• WHAT THIS TASK INVOLVES
Down to the last line, retype the records below exactly and skip the pictures.

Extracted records

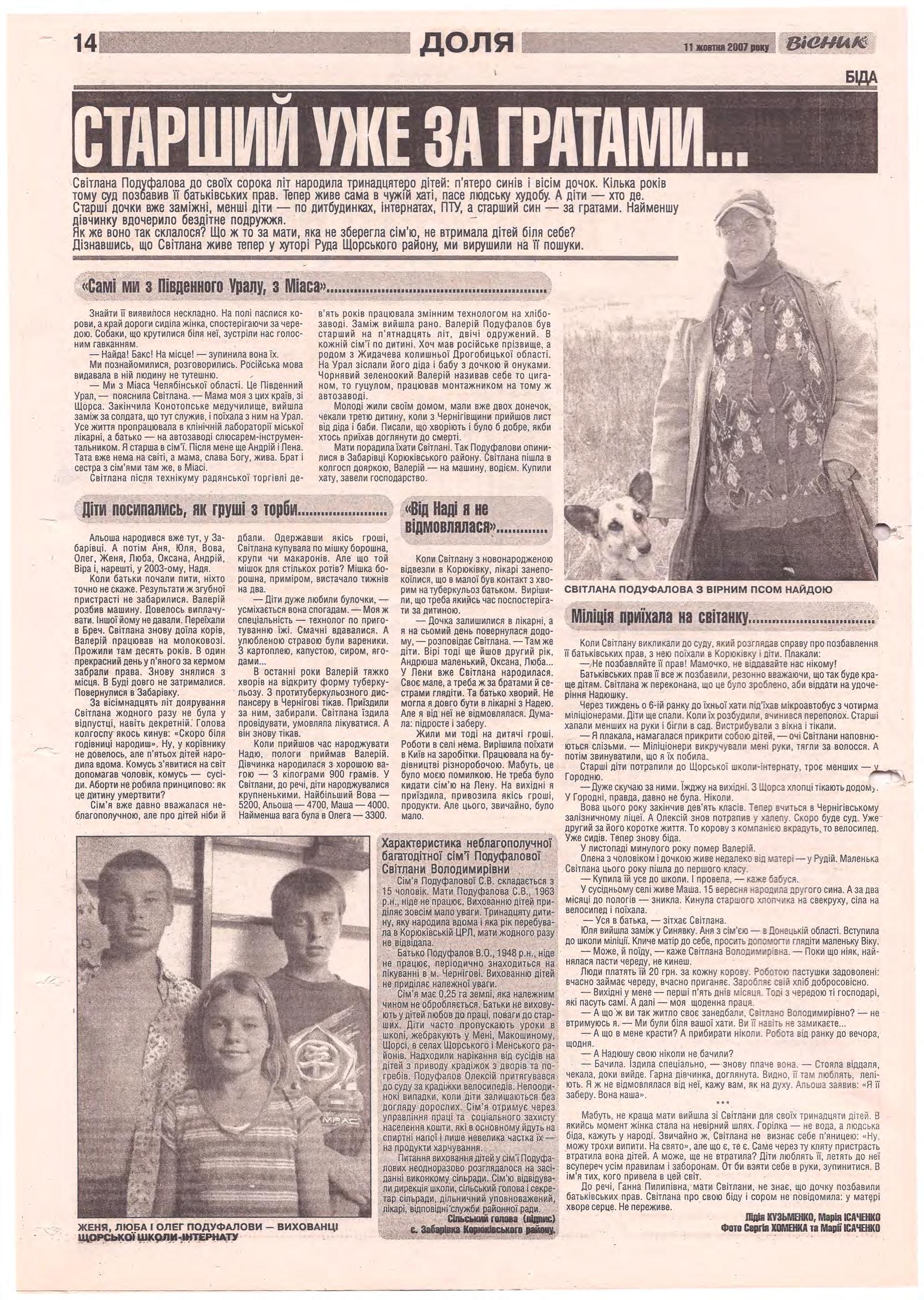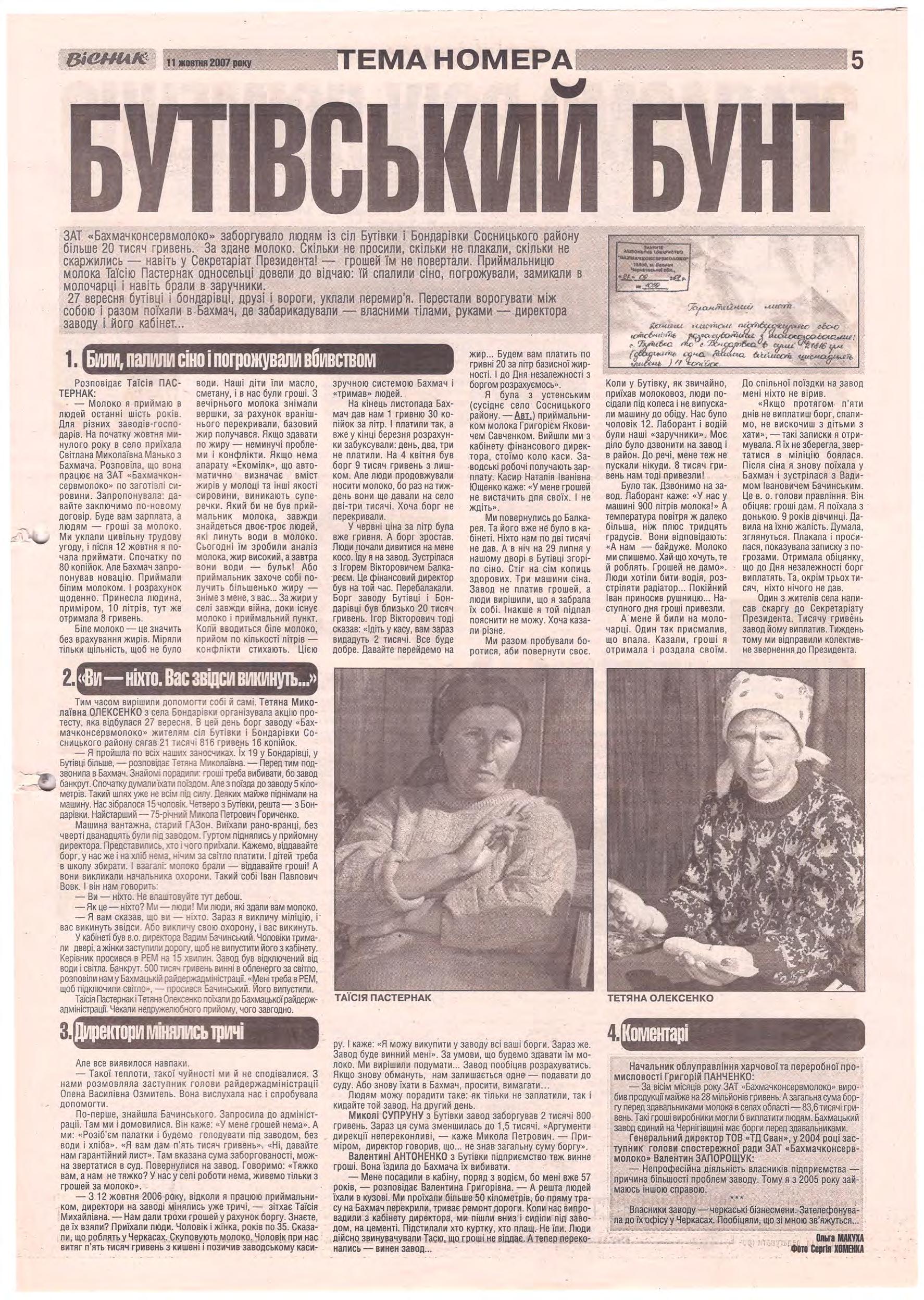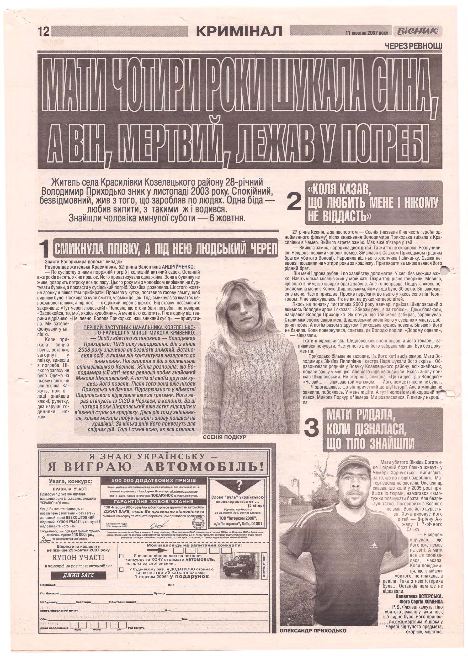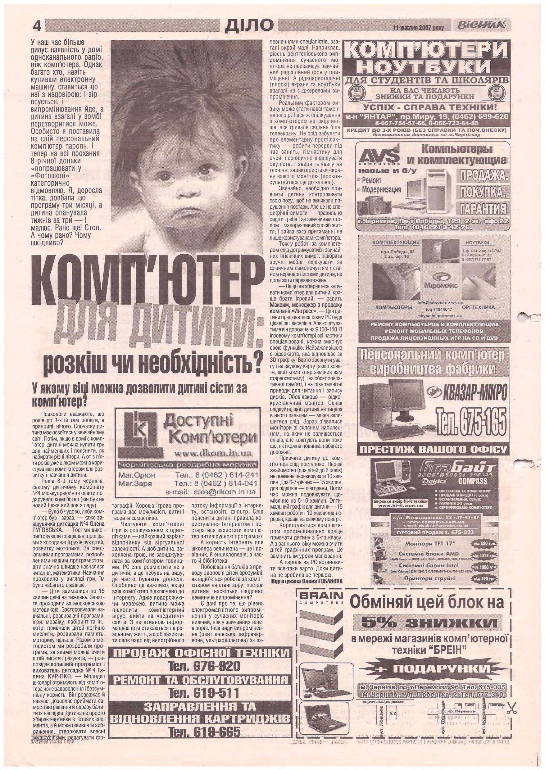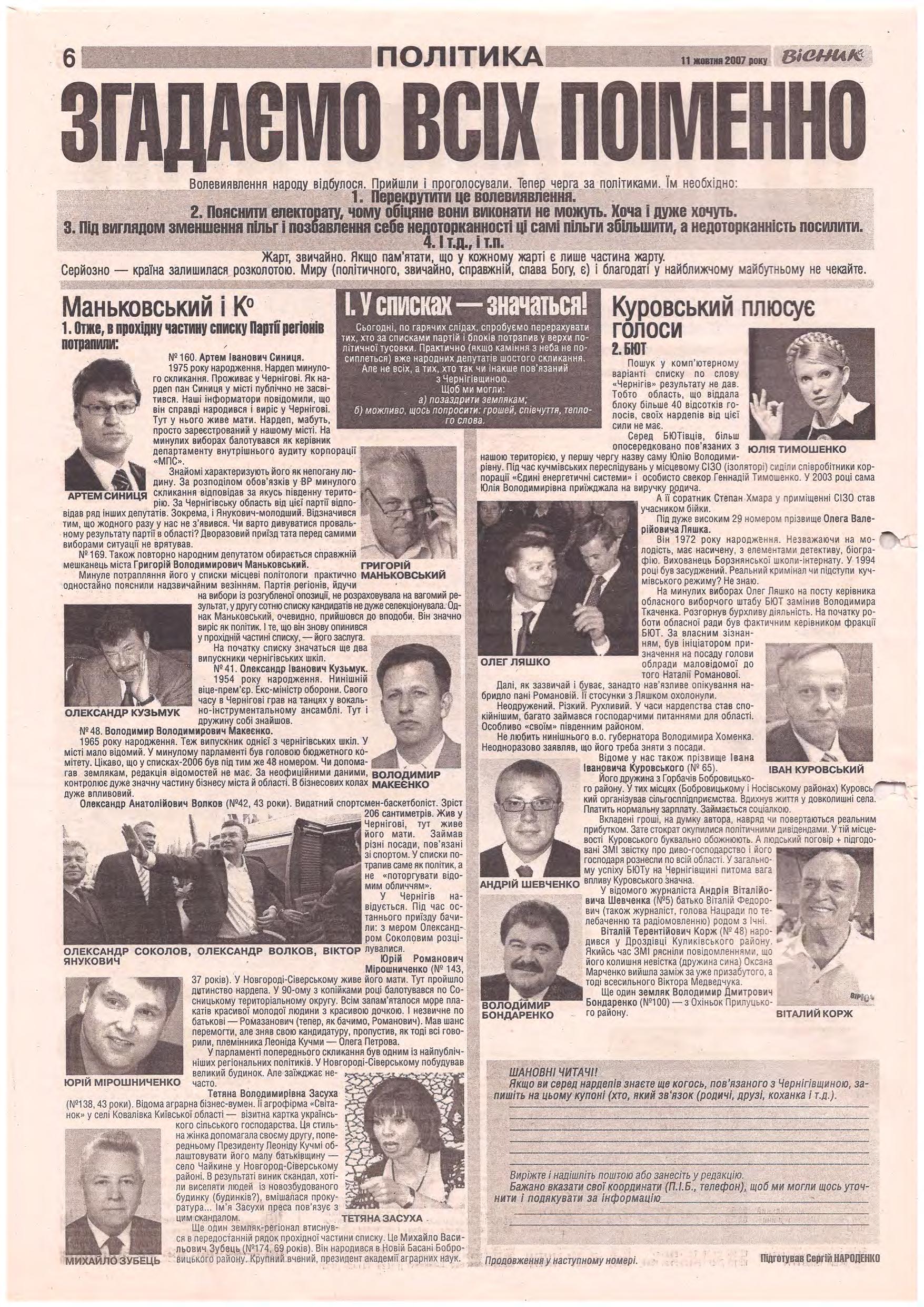 «Вісник Ч», 11 жовтня 2007 року
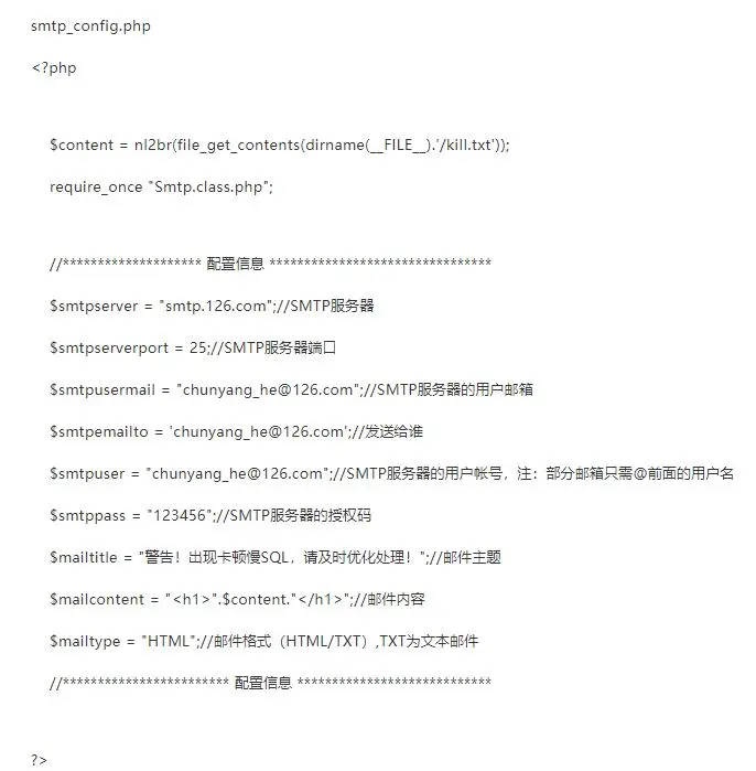 4、--mail 为开启发送邮件报警,需先设置smtp_config.php,改成你自己的邮箱账号信息
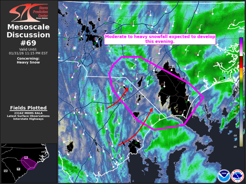 31 Jan US Mesoscale Discussions Storm Prediction Center Mesoscale Discussion 69 Saturday, January 31, 2026 at 6:20 pm By chris 0 comments Continue reading
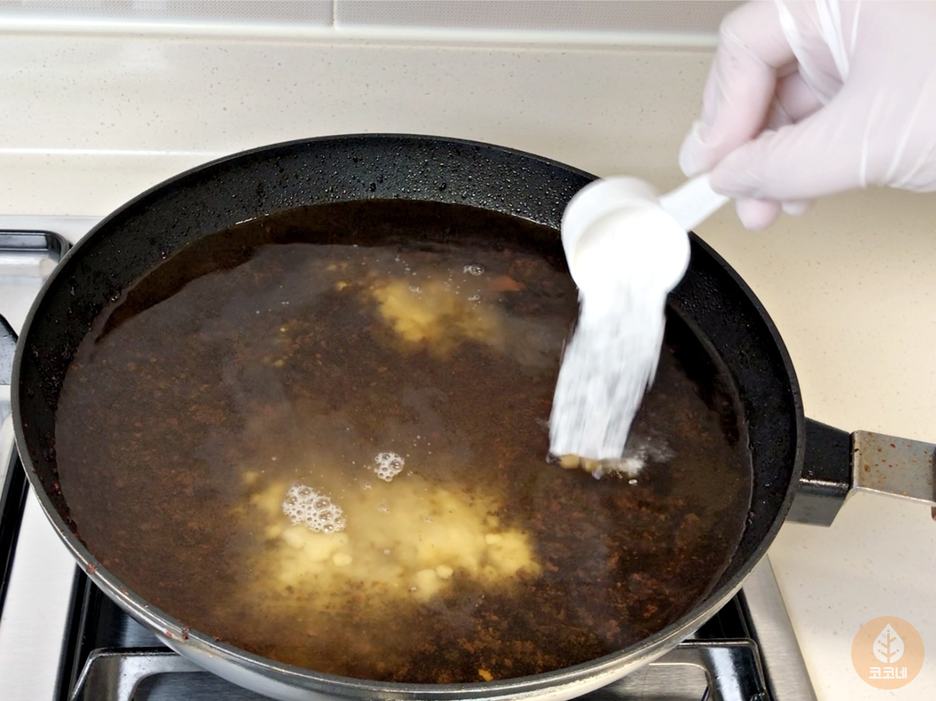 베이킹소다를 넣고 끓이면 이산화탄소가 발생해요.
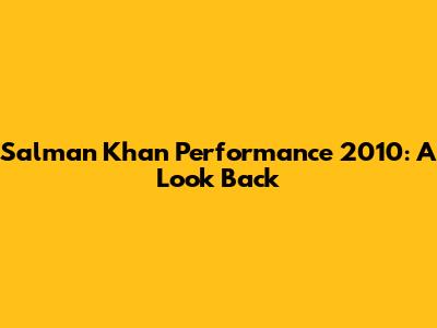 Impact and Legacy of Salman Khan's 2010 Performances
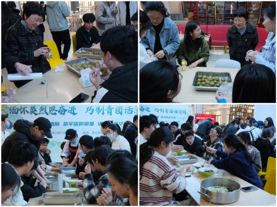 师生们欢聚一堂,共同体验了传统民俗文化活动——包青团。食堂工作人员向同学们展示了青团的制作工艺。同学们在后勤师傅的指导帮助下,撸起袖子,捻青、和粉、揉团、裹馅、搓圆,每一道工序都有模有样,大家共同配合,大小均匀的青团整齐摆入蒸笼,空气中弥漫着淡淡艾草清香。同学们一边品尝美味青团,一边进行清明诗词趣味问答,场面欢声笑语,充满着春天的气息。毛国红介绍了清明节吃青团的寓意,并强调,清明节是中国最重要的传统节日之一,有着丰富的文化底蕴,希望同学们守护好民族的传统文化记忆,守护好自己的文化家园。
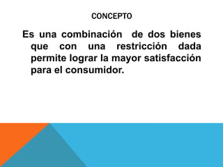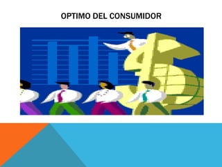 El documento describe el concepto de óptimo del consumidor, que es la combinación de bienes que maximiza la satisfacción del consumidor dado su presupuesto. Explica que hay dos condiciones: 1) el presupuesto es igual al gasto total, y 2) la tasa marginal de sustitución entre bienes es igual a la relación de sus precios. Proporciona un ejemplo numérico y explica cómo calcular los conjuntos límite de bienes que determinan la recta de presupuesto y el óptimo del consumidor.
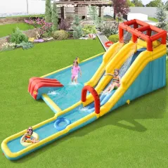 - Різноманітні активності: надувний замок пропонує кілька ігрових зон, таких як невелика гірка, подвійна гірка, басейн, баскетбольне кільце, водяна гармата та стіна для скелелазіння. Нехай вони насолоджуються часом разом з друзями.
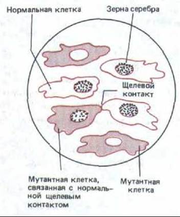 Рис. 14-14. Здесь схематически представлен радиоавтограф, демонстрирующий метаболическое сопряжение клеток, связанных щелевыми контактами, в культуре in vitro. Мутантные клетки лишены фермента тимидинкиназы и поэтому не могут включать в ДНК радиоактивный тимидин, добавленный в среду. Нормальные клетки способны включать тимидин в ДНК, и поэтому их ядра усеяны черными точками (зернами серебра в радиоавтографе). Как видно, в смешанной культуре нормальных и мутантных клеток радиоактивную метку включают также ядра тех мутантных клеток, которые соприкасаются с нормальными и устанавливают с ними щелевые контакты. Это обусловлено тем, что в нормальной клетке радиоактивный тимидин фосфорилируется тимидинкиназой с образованием тимидинтрифосфата; затем радиоактивный тимидинтрифосфат переходит через щелевые контакты в мутантную клетку и включается в ее ДНК.
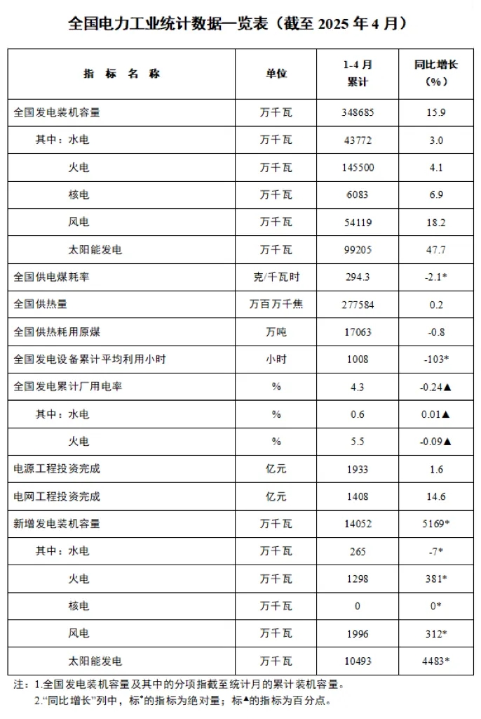 5月22日,国家能源局发布1-4月份全国电力工业统计数据。
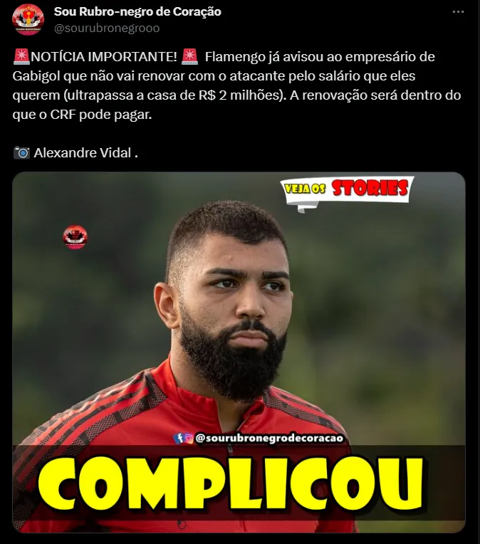 De acordo com as informações publicadas pelo “Sou Rubro-negro de coração”, o Flamengo informou a Gabigol e seus empresários que não está disposto a aumentar o seu salário para renovar o vínculo.
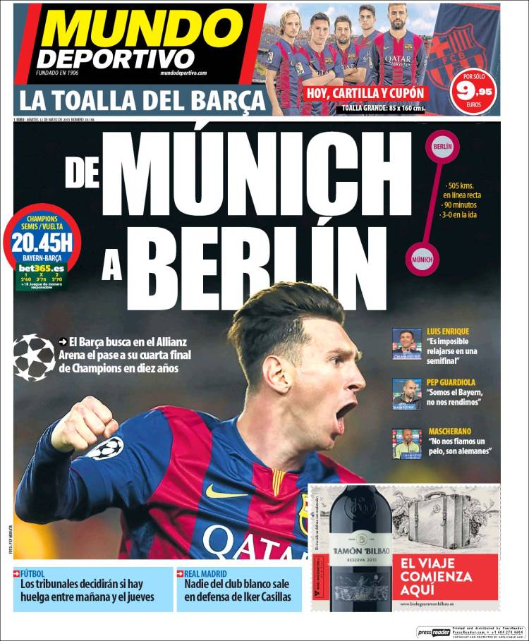 Mundo Deportivo sale con las incipientes entradas de Messi a cinco columnas. También trae un bosquejo de la ruta Munich-Berlin completamente innecesaria, nos parece, en este mundo donde Google maps es una aplicación que está al alcance de cualquier iPhone.

• TASK RESPONSE
 «Вісник Ч», 11 жовтня 2007 року
 4、--mail 为开启发送邮件报警,需先设置smtp_config.php,改成你自己的邮箱账号信息
 31 Jan US Mesoscale Discussions Storm Prediction Center Mesoscale Discussion 69 Saturday, January 31, 2026 at 6:20 pm By chris 0 comments Continue reading
 베이킹소다를 넣고 끓이면 이산화탄소가 발생해요.
 Impact and Legacy of Salman Khan's 2010 Performances
 师生们欢聚一堂,共同体验了传统民俗文化活动——包青团。食堂工作人员向同学们展示了青团的制作工艺。同学们在后勤师傅的指导帮助下,撸起袖子,捻青、和粉、揉团、裹馅、搓圆,每一道工序都有模有样,大家共同配合,大小均匀的青团整齐摆入蒸笼,空气中弥漫着淡淡艾草清香。同学们一边品尝美味青团,一边进行清明诗词趣味问答,场面欢声笑语,充满着春天的气息。毛国红介绍了清明节吃青团的寓意,并强调,清明节是中国最重要的传统节日之一,有着丰富的文化底蕴,希望同学们守护好民族的传统文化记忆,守护好自己的文化家园。
 El documento describe el concepto de óptimo del consumidor, que es la combinación de bienes que maximiza la satisfacción del consumidor dado su presupuesto. Explica que hay dos condiciones: 1) el presupuesto es igual al gasto total, y 2) la tasa marginal de sustitución entre bienes es igual a la relación de sus precios. Proporciona un ejemplo numérico y explica cómo calcular los conjuntos límite de bienes que determinan la recta de presupuesto y el óptimo del consumidor.
 - Різноманітні активності: надувний замок пропонує кілька ігрових зон, таких як невелика гірка, подвійна гірка, басейн, баскетбольне кільце, водяна гармата та стіна для скелелазіння. Нехай вони насолоджуються часом разом з друзями.
 Рис. 14-14. Здесь схематически представлен радиоавтограф, демонстрирующий метаболическое сопряжение клеток, связанных щелевыми контактами, в культуре in vitro. Мутантные клетки лишены фермента тимидинкиназы и поэтому не могут включать в ДНК радиоактивный тимидин, добавленный в среду. Нормальные клетки способны включать тимидин в ДНК, и поэтому их ядра усеяны черными точками (зернами серебра в радиоавтографе). Как видно, в смешанной культуре нормальных и мутантных клеток радиоактивную метку включают также ядра тех мутантных клеток, которые соприкасаются с нормальными и устанавливают с ними щелевые контакты. Это обусловлено тем, что в нормальной клетке радиоактивный тимидин фосфорилируется тимидинкиназой с образованием тимидинтрифосфата; затем радиоактивный тимидинтрифосфат переходит через щелевые контакты в мутантную клетку и включается в ее ДНК.
 5月22日,国家能源局发布1-4月份全国电力工业统计数据。
 De acordo com as informações publicadas pelo “Sou Rubro-negro de coração”, o Flamengo informou a Gabigol e seus empresários que não está disposto a aumentar o seu salário para renovar o vínculo.
 Mundo Deportivo sale con las incipientes entradas de Messi a cinco columnas. También trae un bosquejo de la ruta Munich-Berlin completamente innecesaria, nos parece, en este mundo donde Google maps es una aplicación que está al alcance de cualquier iPhone.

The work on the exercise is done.